Selected Perturbation of Wnt/β-Catenin or ERα Signaling Axis Determines a Correlation for DNA-Specific Recruitments of Lef-1/Tcf-3 and/or ERα with the Alteration of Estrogenic Late Gene Expression in the Mouse Uterus A, Analysis of recruitment of ERα and Lef-1 on Pgr, Ltf, Ccnd1, Mmp7, and Actb promoters. ChIP analysis was performed using ERα and lef-1-specific antibodies in the uteri of mice, after administration of rAdSFRP2(S) or rAdGFP (as control), followed by E₂ (100 ng/mouse) for 24 h. B, Analysis of recruitment of ERα and Lef-1 on c-Myc, Cdkn1A, and Actb promoters. ChIP analysis was performed using ERα and lef-1-specific antibodies in the uteri of mice, after administration of rAdBip(As) or rAdGFP (as control), followed by E₂ (100 ng/mouse) for 24 h. Representative figures for recruitments of individual transcription factors on different gene promoters are shown (A and B). The amplified product sizes for different regions of the promoters were the same as described in Fig. 5. Three independent analyses were performed to compare the results, as shown in bar plot (A and B). The quantitation of relative levels for binding of transcription factors on different gene promoters is represented as percent of input. *, Values are statistically different (P < 0.05, Student's t test) from the corresponding control groups.
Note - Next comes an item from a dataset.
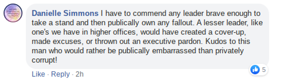 "I was also made aware that my wife was in attendance at this prohibited social gathering. I instructed the Police Chief to treat her as he would any citizen violating the 'Stay At Home' order and to ensure that she received no special treatment."

C, RT-PCR analysis of c-Myc and Cdkn1A gene expression after adenovirus administration. Uterine tissues were collected after rAdBipAs, rAdSFRP-2(s), or rAdGFP (as control) administration, followed by oil or E₂ (100 ng/mouse) for 24 h. Ribosomal protein L-7 (rpl-7) was used as a constitutive gene control. Comparative RT-PCR analyses using three independent total RNA samples were as described in Fig. 1A. These experiments were repeated at least three times. In the bar plots, the abundance of mRNAs for each gene expression was quantitated by analysis of band intensities using densitometric scanning and was corrected against rpL7. *, Values are statistically different (P < 0.05, Student's t test) from the corresponding control groups. IP, Immunoprecipitation.